Thursday, June 16, 2016

Never Give a Sucker an Even Break (Universal, 1941)

by Mark Gabrish Conlan • Copyright © 2016 by Mark Gabrish Conlan • All rights reserved

Charles and I didn’t get to run a movie until late in the evening, but it was a great one: Never Give a Sucker an Even Break, made by Universal in 1941 and the last film in which W. C. Fields played a starring role. After it, age and alcoholism caught up with him and he only played bit parts and short scenes in films like Tales of Manhattan (1942 — his scene wasn’t in the original release but it survived and has been dredged up as a DVD bonus item), Follow the Boys (1944), Song of the Open Road (1944) and Sensations (1945). Never Give a Sucker an Even Break was written by John T. Neville and Prescott Chaplin from an original story by “Otis Criblecoblis” (do I have to say who that really was?) and is essentially W. C. Fields’ 8 ½. He plays himself — well, sort of himself; his character is listed in the script merely as “The Great Man” but he’s addressed as “Bill Fields” on screen — and he’s just finished making The Bank Dick at “Esoteric Studios.” A couple of obnoxious kids who work at the Esoteric lot (billed only as “Butch and Buddy,” though imdb.com gives their real names: “Butch” was Billy Lenhart and “Buddy” was Kenneth Brown) look at the billboard and offer their critical comment on the film: “What a bupkie!” (The word comes from Bupkis, Yiddish for “nothing.”) Fields is about to present to Esoteric studio head Franklin Pangborn (playing what’s possibly the best role of his career; though he doesn’t act that differently than he did in all his other parts, somehow it seems funnier when he’s supposed to be in a position of authority over an entire movie studio rather than just playing a hotel desk clerk or a bank examiner) the script for his follow-up movie.

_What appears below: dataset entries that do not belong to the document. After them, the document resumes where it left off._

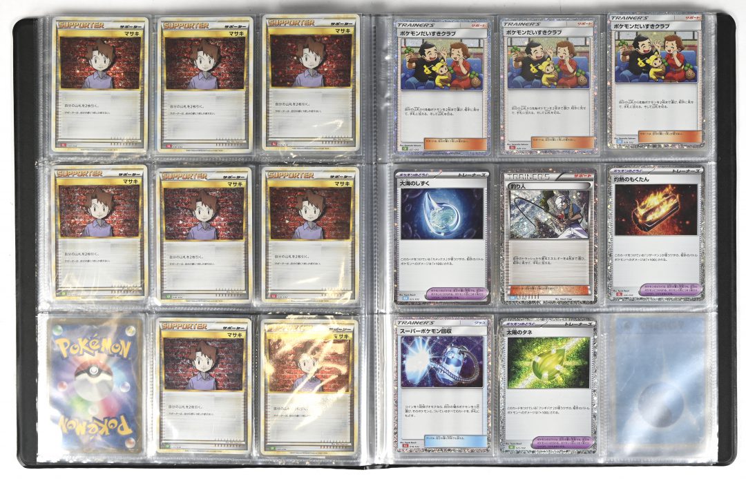 Assortiment Japanse Holofoil Support & Trainer kaarten: Bill x 8 (CLF, CLL) Pokemon Fan Club x3 (CLF, CLL, CLK) Drops in the Ocean (CLK) Fisherman (CLK) Scorching Charcoal (CLL) Super Scoop Up (CLL) Sun Seed (CLF)
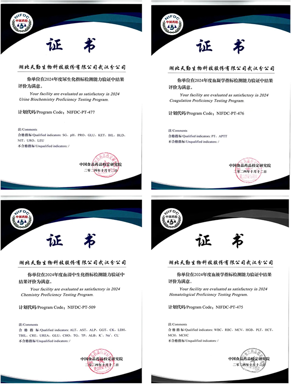在血清中生化指標(NIFDC-PT-509)、血液學指標(NIFDC-PT-475)、血凝學指標(NIFDC-PT-476)和尿生化指標(NIFDC-PT-477)四個關鍵項目的能力驗證過程中,天勤生物武漢分公司提交了全部37個能力驗證指標,且所有項目均以滿分100分通過,最終獲得“滿意”的最高等級認定。在臨床檢驗領域,天勤生物武漢公司不僅配備了先進的儀器設備,還建立了完善的實驗室質量控制體系,并擁有一支高技能的專業團隊,這一系列優異的成績充分展示了天勤生物武漢分公司在臨床檢驗領域的扎實功底。
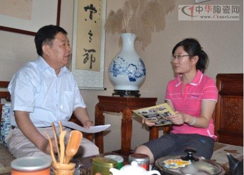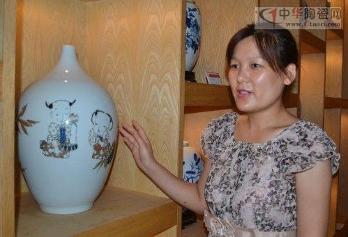 泰山陶瓷藝術研究院創(chuàng)作室主任李云霞(右)介紹創(chuàng)作經(jīng)過
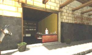 rechts: derselbe Laden mit Blick von innen heraus; man beachte die typische Tresenform
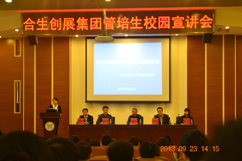 9月23日下午14:00,合生創展集團在我校舉辦了合生創展集團管培生校園宣講會,出席宣講會的有合生創展集團陳楚強、閆兵、滕懷山,土木工程系主任劉勝富,土木工程系黨總支書記孟祥瑜。 講座上,合...
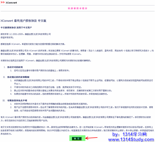 1、将 XConvert 文件夹上传到 web 可以访问的目录下,在浏览器里输入 http://yourwebsite.com/xconvert 就看到了授权协议,点击“确定”,如下图所示:
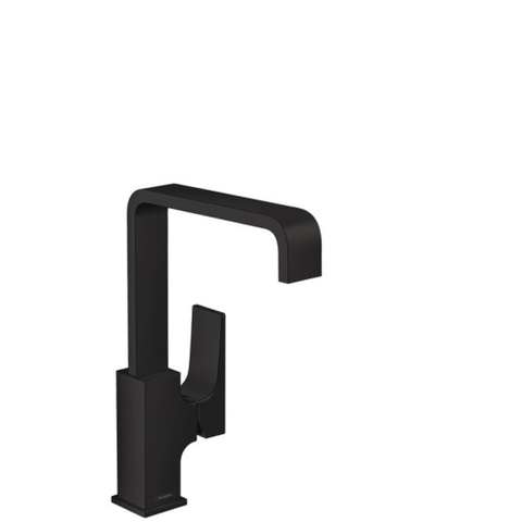 De ééngreeps wastafelmengkraan Metropol 230 met rechte greep en PushOpen afvoergarnituur met een mat zwart finish van hansgrohe maakt indruk door zijn geometrische design en duidelijke vormtaal. De elegante mengkraan heeft door zijn matte, zwarte finish een bijzonder moderne uitstraling. Door de combinatie van ruime oppervlakken en precieze geometrie is de mengkraan een designstatement, dat juist in mat zwart een expressief contrast vormt en bijzonder goed past in een modern badkamerinterieur. Extra pluspunt: Door de zeer grote afstand tussen de uitloop en de fontein is er genoeg ruimte voor veelzijdig gebruik (ComfortZone 230). Voor bijvoorbeeld comfortabel vullen van hoge pannen of het eenvoudig wassen van uw haren onder de kraan.
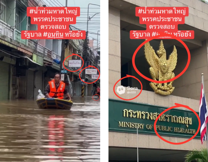 🔎 Cofact investigation: Almost all of the visuals in this clip were generated using Sora, an AI model developed by OpenAI—the same company behind ChatGPT. This is evident from the logo and application name clearly visible throughout the clip. Multiple anomalies were also identified, such as shop signs made up of meaningless word clusters, Ministry of Public Health signs misspelled in both English and Thai, a golden Garuda emblem on a building that differs from the authentic national emblem, and inconsistent flood levels—described in narration as “almost waist-high,” while the background water appears only ankle-deep.

He’s also trying to get his niece, Gloria Jean (whose name throughout is pronounced in a portentous manner indicating her real-life status as the latest cute girl in her early teens with a spectacular coloratura voice Universal was trying to build up as a replacement for Deanna Durbin now that la Durbin had aged out of these sorts of roles; alas, after casting her in this Universal gave her a vehicle whose horrible title, The Underpup, drove movie fans away en masse and killed her career stone-dead), an Esoteric studio contract.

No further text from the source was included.